**WORK ITEM**
Look in the listing below for the line that has "Ein weiterer Höhepunkt", then return it and each following line up to and including the one with "Riley Balloon Leg", exactly and without pictures.

**DATA RECORDS**
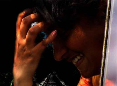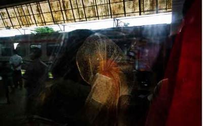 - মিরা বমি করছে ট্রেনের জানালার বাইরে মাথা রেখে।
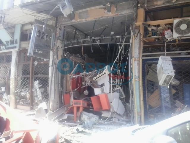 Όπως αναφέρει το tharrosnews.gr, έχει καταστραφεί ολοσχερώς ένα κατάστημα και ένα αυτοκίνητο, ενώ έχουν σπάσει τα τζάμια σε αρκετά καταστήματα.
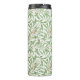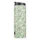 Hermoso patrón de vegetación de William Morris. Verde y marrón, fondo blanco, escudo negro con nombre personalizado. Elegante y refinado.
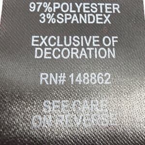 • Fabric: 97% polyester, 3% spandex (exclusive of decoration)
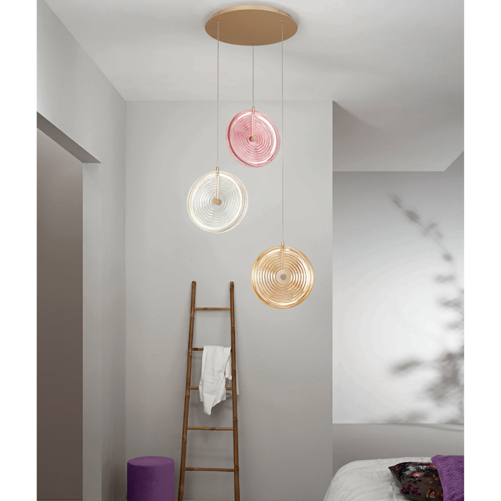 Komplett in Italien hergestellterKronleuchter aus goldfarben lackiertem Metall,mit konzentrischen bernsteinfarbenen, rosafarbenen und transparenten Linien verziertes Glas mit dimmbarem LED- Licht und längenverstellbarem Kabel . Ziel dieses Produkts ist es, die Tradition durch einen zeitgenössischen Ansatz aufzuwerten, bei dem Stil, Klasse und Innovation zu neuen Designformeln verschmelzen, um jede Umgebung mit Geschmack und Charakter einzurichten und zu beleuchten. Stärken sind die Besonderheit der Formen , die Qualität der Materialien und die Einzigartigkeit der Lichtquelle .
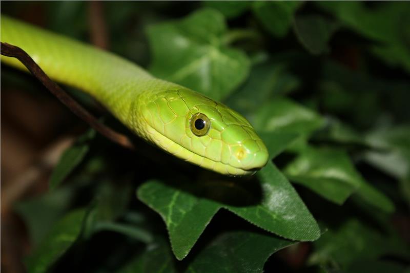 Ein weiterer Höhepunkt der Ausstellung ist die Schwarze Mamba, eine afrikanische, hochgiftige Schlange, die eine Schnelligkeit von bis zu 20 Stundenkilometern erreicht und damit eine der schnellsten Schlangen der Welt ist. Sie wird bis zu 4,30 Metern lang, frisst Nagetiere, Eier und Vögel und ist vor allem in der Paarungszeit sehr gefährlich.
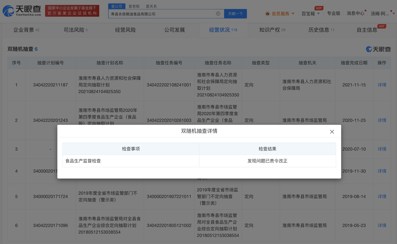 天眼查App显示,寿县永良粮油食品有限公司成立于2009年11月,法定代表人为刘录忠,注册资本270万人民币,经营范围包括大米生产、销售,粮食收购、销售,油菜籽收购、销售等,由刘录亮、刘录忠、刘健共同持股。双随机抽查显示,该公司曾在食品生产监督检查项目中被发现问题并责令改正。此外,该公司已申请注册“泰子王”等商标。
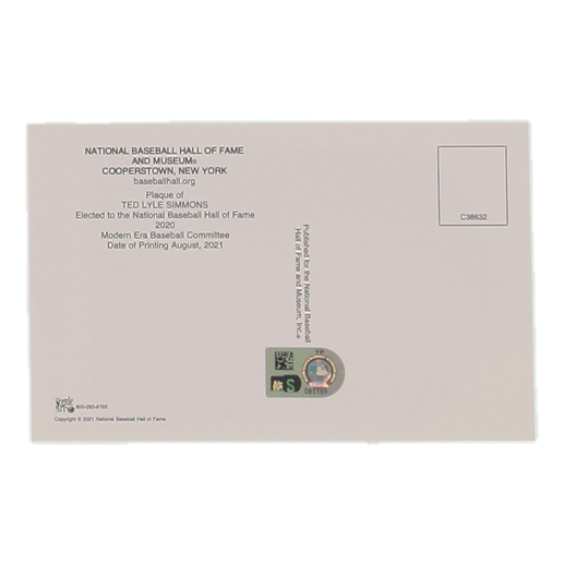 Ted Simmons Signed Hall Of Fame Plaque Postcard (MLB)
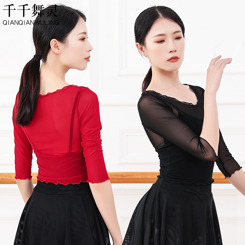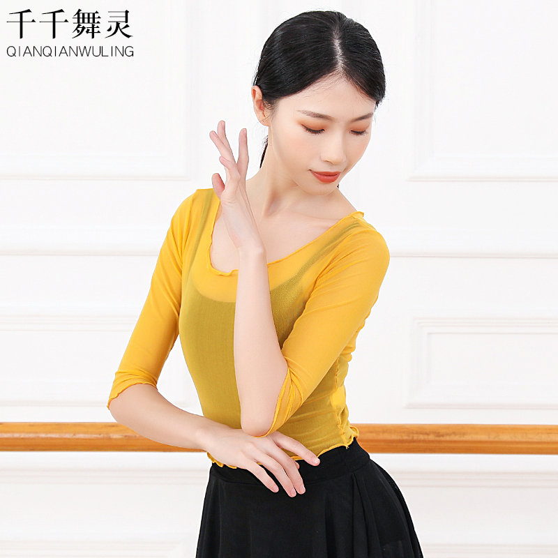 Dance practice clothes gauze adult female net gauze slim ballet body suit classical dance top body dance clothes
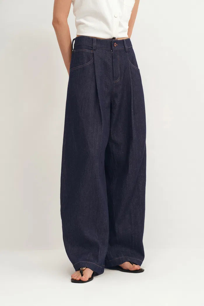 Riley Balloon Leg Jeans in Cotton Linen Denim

---

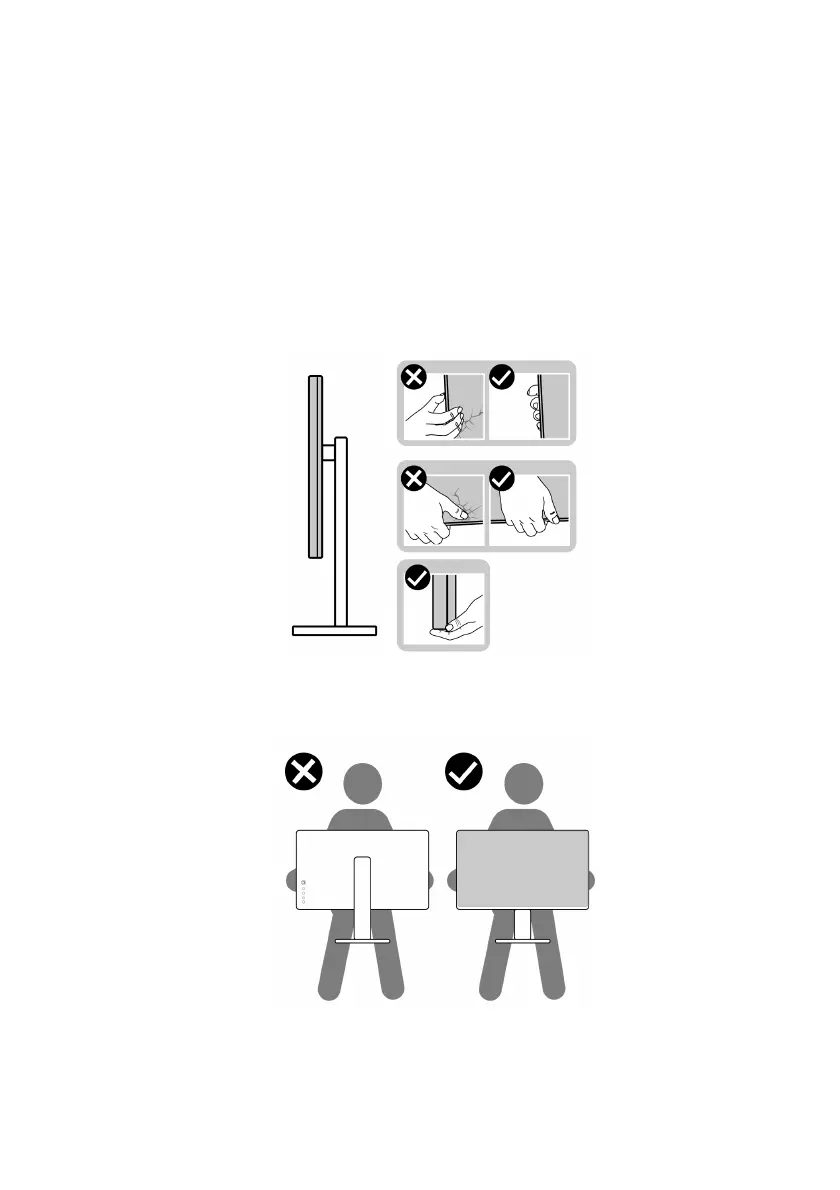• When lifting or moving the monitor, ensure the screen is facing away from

* * *

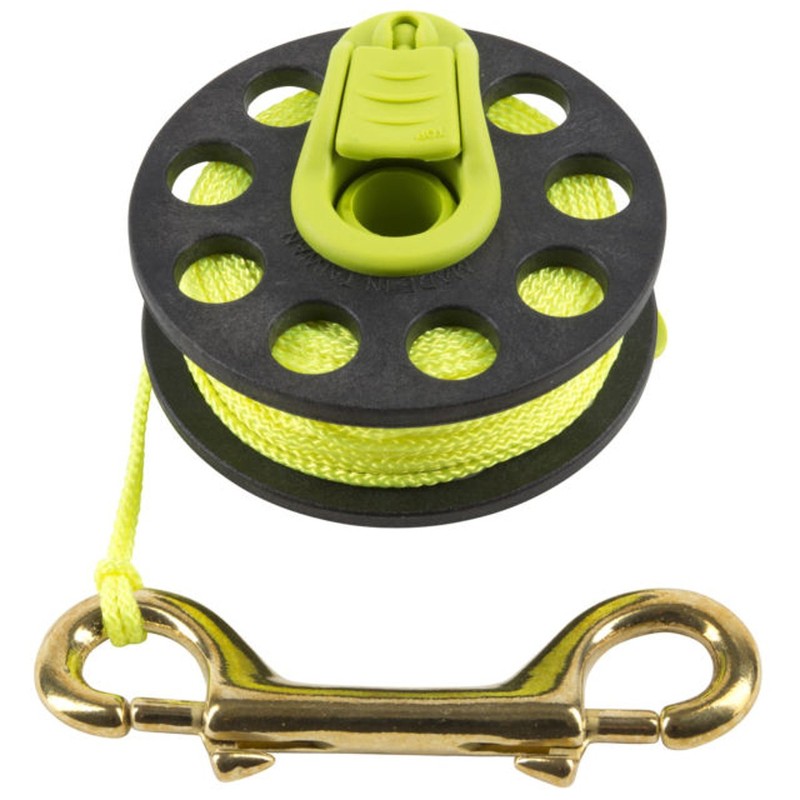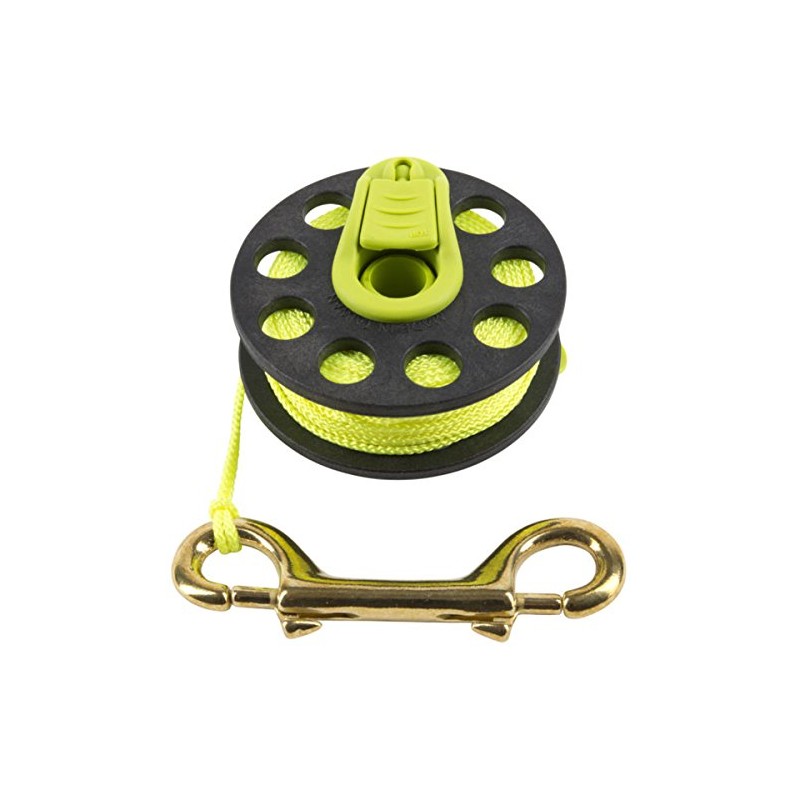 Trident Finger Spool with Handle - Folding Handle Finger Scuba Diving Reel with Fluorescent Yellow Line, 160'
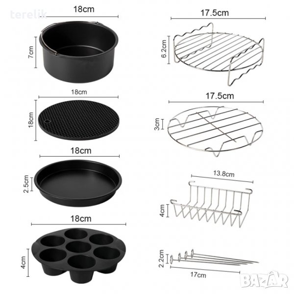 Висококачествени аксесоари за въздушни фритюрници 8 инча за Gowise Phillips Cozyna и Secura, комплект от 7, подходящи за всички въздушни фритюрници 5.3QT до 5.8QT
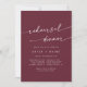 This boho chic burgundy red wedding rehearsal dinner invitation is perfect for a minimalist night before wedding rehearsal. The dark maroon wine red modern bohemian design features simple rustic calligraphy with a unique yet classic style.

**TASK ANSWER**
 Ein weiterer Höhepunkt der Ausstellung ist die Schwarze Mamba, eine afrikanische, hochgiftige Schlange, die eine Schnelligkeit von bis zu 20 Stundenkilometern erreicht und damit eine der schnellsten Schlangen der Welt ist. Sie wird bis zu 4,30 Metern lang, frisst Nagetiere, Eier und Vögel und ist vor allem in der Paarungszeit sehr gefährlich.
 天眼查App显示,寿县永良粮油食品有限公司成立于2009年11月,法定代表人为刘录忠,注册资本270万人民币,经营范围包括大米生产、销售,粮食收购、销售,油菜籽收购、销售等,由刘录亮、刘录忠、刘健共同持股。双随机抽查显示,该公司曾在食品生产监督检查项目中被发现问题并责令改正。此外,该公司已申请注册“泰子王”等商标。
 Ted Simmons Signed Hall Of Fame Plaque Postcard (MLB)
 Dance practice clothes gauze adult female net gauze slim ballet body suit classical dance top body dance clothes
 Riley Balloon Leg Jeans in Cotton Linen Denim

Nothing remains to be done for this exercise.